Que faire en cas d’infection? Faut-il payer la rançon ou pas?
MS: Nous déconseillons de payer, car le business des cybercriminels a besoin du paiement des victimes pour se développer et s’améliorer.
Le montant de la rançon est variable et dépend de la cible, certains pirates demandent de très grosses sommes et laissent la possibilité de négocier. Par ailleurs, paiement ne signifie pas toujours restitution des données volées: parfois le chantage peut continuer.
Dans tous les cas, si vous constatez l’infection –souvent on la remarque car l’accès à certaines données est impossible, ou car une demande de rançon survient-, déconnectez votre ordinateur du système et du réseau pour éviter le risque de propagation. Nous conseillons ensuite de réinstaller le poste. Par la suite, il sera nécessaire de restaurer les données sur la base des sauvegardes.
En tant qu'entreprise, vaut-il mieux compter sur des mesures techniques ou une formation accrue des employés pour se protéger?
MS: L’un ne va pas sans l’autre. Il est clair que des employés bien formés, qui prennent à cœur la sécurité, est la ligne de défense la plus efficace. Une culture de sécurité doit régner dans l’entreprise. Dans de nombreux cas, les rançongiciels fonctionnent car des utilisateurs ne mesurent pas la portée fâcheuse de leurs actes. Or un employé formé peut mieux détecter un email suspect et éviter un incident.
Sur le plan technique, il faut mettre en place des sauvegardes sur un support externe connecté uniquement le temps de la manipulation. Si possible, dans une PME, c’est au responsable IT de gérer les risques. Il est aussi important que la cybersécurité soit prise en compte au niveau du management, qui doit insuffler de bonnes pratiques.
Quelles sont ces bonnes pratiques ?
MS: Il faut se doter d’une stratégie contre les risques liés à l’utilisation des moyens informatiques. Cela passe par différentes étapes: connaître ses systèmes et données, ainsi que la valeur différente de chacune. Une question que tout chef d’entreprise devrait se poser est de savoir de quel processus dépend l’informatique et quel sera le coût si le système venait à être bloqué.

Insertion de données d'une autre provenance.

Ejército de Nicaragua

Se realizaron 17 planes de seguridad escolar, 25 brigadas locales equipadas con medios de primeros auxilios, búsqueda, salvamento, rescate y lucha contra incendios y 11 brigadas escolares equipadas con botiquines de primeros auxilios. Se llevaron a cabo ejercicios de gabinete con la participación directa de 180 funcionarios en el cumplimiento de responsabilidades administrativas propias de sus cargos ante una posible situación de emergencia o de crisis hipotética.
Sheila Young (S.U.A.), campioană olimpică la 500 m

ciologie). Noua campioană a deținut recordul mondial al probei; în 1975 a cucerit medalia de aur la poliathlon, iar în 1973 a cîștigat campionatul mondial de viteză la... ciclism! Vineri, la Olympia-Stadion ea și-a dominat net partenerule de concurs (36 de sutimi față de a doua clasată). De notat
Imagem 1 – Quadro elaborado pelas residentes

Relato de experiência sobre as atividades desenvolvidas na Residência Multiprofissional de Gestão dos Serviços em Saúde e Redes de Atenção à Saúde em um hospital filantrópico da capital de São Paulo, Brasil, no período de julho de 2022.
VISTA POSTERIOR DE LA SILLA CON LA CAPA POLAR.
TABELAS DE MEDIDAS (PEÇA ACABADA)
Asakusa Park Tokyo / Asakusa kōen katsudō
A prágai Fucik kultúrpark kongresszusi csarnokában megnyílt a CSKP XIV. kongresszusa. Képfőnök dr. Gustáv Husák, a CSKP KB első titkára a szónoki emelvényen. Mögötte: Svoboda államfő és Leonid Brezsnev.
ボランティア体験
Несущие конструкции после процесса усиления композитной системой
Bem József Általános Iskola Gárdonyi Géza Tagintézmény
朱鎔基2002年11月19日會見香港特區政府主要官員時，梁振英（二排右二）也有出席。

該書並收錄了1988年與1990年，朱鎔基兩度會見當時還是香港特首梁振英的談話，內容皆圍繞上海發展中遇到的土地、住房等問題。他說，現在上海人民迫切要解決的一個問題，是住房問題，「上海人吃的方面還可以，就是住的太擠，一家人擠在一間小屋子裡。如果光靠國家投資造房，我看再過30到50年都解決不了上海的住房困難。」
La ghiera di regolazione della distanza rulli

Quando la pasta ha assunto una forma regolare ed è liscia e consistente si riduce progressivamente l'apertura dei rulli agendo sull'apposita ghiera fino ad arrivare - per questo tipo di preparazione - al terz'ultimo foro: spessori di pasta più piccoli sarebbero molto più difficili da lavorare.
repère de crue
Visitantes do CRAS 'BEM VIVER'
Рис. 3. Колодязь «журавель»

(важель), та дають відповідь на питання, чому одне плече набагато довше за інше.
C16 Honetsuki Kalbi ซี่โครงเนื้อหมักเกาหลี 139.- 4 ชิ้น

Ensuite, il faut thématiser ces risques auprès des personnels et éventuellement pratiquer des tests de compréhension. Il est aussi nécessaire de mettre en place des procédures pour faire remonter et traiter les incidents. Il faut enfin identifier qui, au sein de l’entreprise, a le droit de procéder à des paiements et comment les protéger, ou mettre en place des signatures collectives par exemple.